Deuxième meilleur scoreur français de Betclic Elite derrière Victor Wembanyama, Nadir Hifi (20 ans) a claqué la plus grosse performance de la saison le 31 mars dernier contre Paris (39 points, 8 rebonds, 6 passes, 12/16 au tir, 44 d’évaluation). Malgré un parcours atypique, le meneur franco-algérien du Portel est parvenu à dépasser toutes les attentes au point de s’imposer comme l’un des joueurs majeurs du championnat de France. Avant de rêver encore plus grand?

La belle histoire débute en plein cœur de l’hiver dernier, au Palais des Sports de Dijon. Le 23 janvier 2022, Le Portel se déplace en Bourgogne pour y défier la JDA à l’occasion de la 17e journée de Betclic Elite. Ce soir-là, les joueurs du Pas-de-Calais passent complètement à côté de leur sujet. Jusqu’à l’arrivée sur le parquet d’un jeune homme jusqu’ici inconnu au bataillon.

“Un match où on prenait l’eau de toute part, se souvient Éric Girard, le coach du Portel. On avait un Américain qui venait de Monaco, Lazeric Jones. Il était finalement très moyen. Comme on était loin derrière, j’ai décidé de mettre Nadir sur le terrain. Perdu pour perdu, autant lancer des jeunes plutôt que des Américains qui n’ont pas envie d’être sur le terrain. Et là, on a vu une bombe incroyable.” La bombe répond au nom de Nafir Hifi, 19 ans à l’époque et presque jamais apparu avec les professionnels. “Quand il est rentré contre Dijon, il a tiré toute l’équipe vers le haut défensivement. Finalement, on est revenu de -20 à -7 ou 8. Ça a vraiment été le déclic”, poursuit Eric Girard.

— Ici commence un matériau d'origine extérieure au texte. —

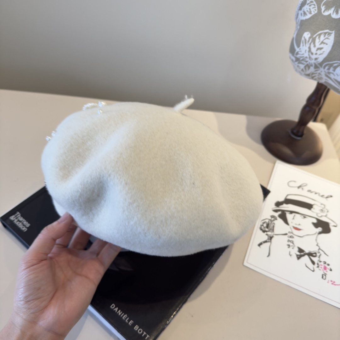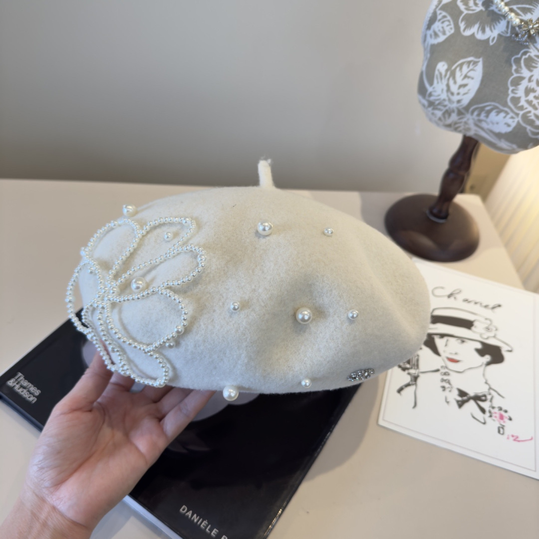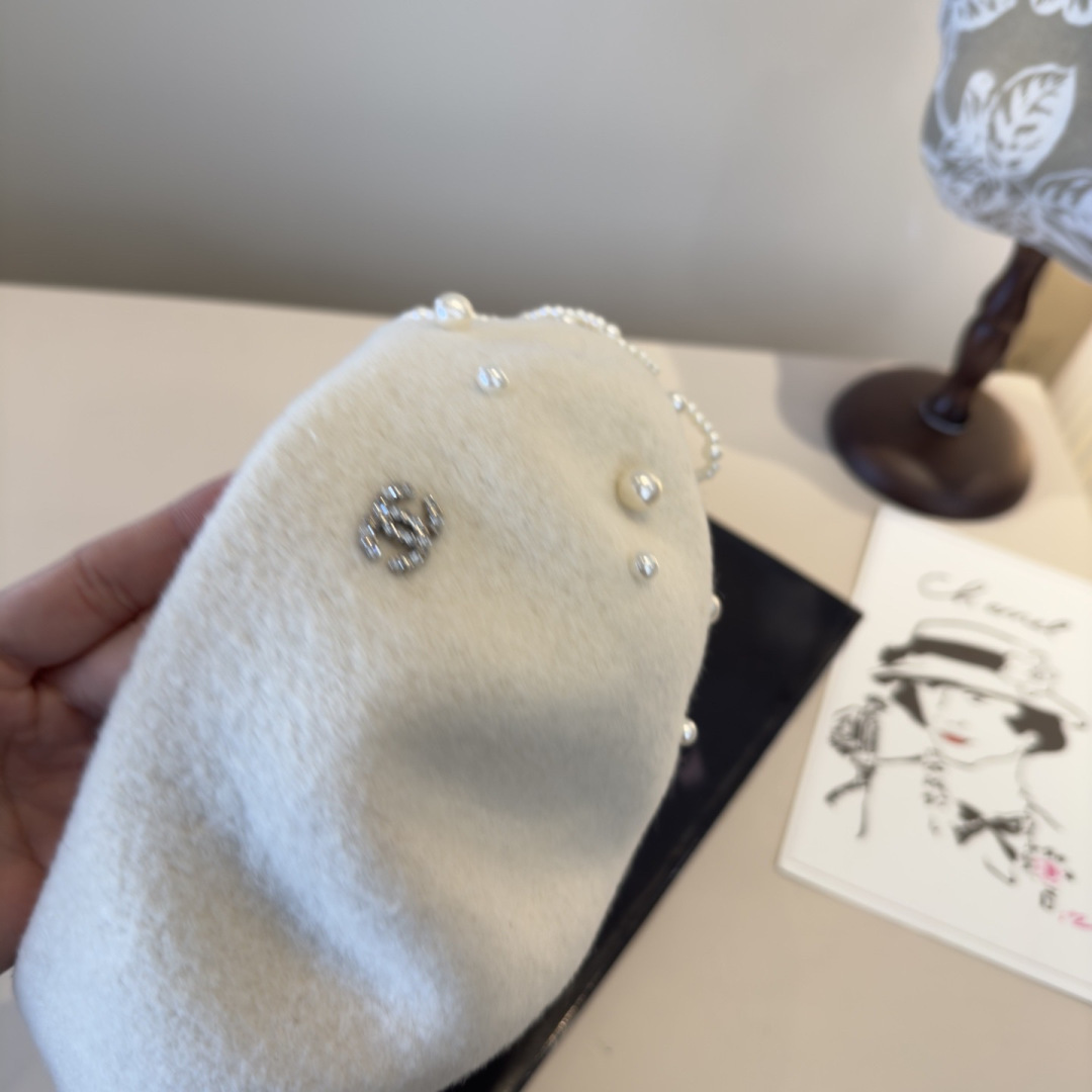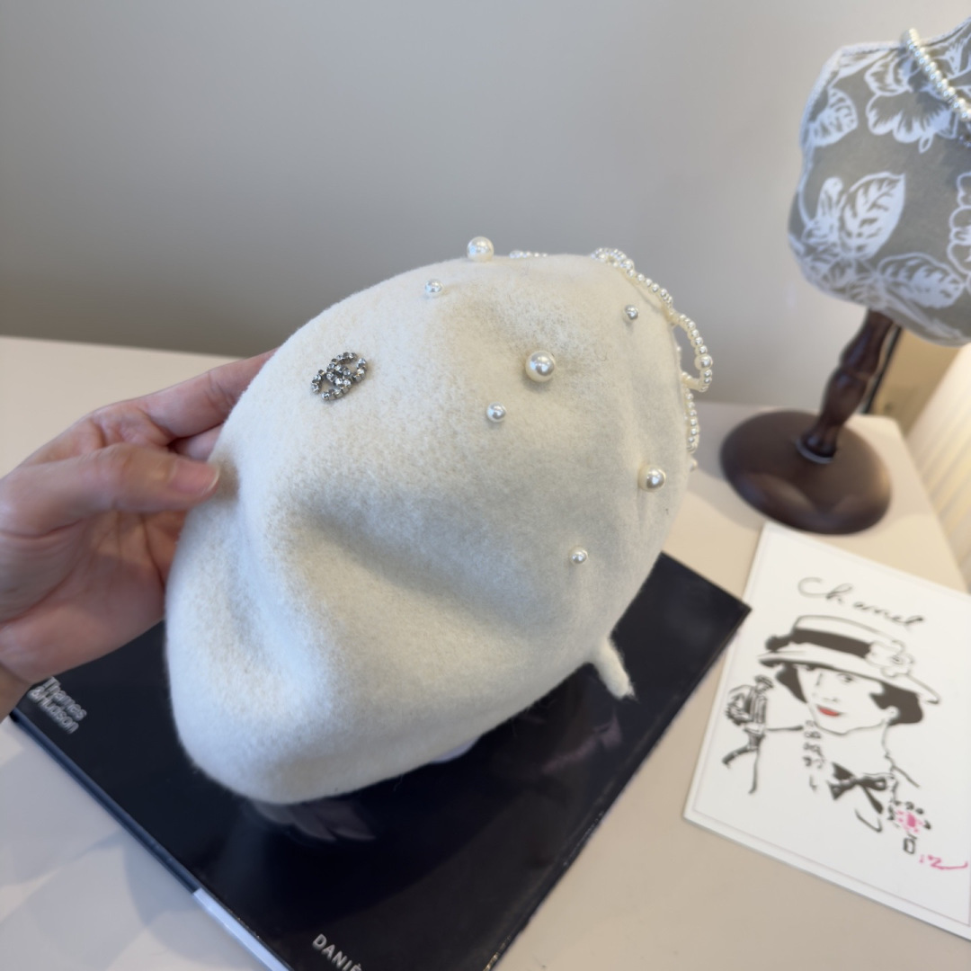 For additional background, review the external reference about pearl embellished Chanel Ivory Wool Beret.

Lorsqu’on l’interroge sur le match qui a lancé sa carrière, le principal intéressé n’hésite pas une seconde. “Ah oui, c’est Dijon! L’équipe était un peu en déroute. Il n’y avait plus rien à tirer de cette rencontre. Je suis rentré et j’ai défendu très fort, j’ai gagné des ballons, j’ai provoqué des fautes… Ça a changé le visage de l’équipe, se remémore Nadir Hifi. Quand Eric Girard me dit de rentrer, je me dis que c’est l’opportunité que je dois saisir, que j’en aurai pas dix. J’ai essayé de saisir l’opportunité au maximum et je pense que je l’ai bien fait… J’ai voulu montrer que j’avais envie de jouer. Quand un coach met un jeune sur le terrain, il n’attend pas que ce jeune mette 20 points. Il attend qu’il défende très fort, qu’il joue propre et ne perde pas de balle. J’ai respecté ça et j’ai pu avoir ma chance.” Lors de cette fameuse rencontre de janvier 2022, Le Portel a fini par rendre les armes et s’incliner 86-72. Mais une étoile était née.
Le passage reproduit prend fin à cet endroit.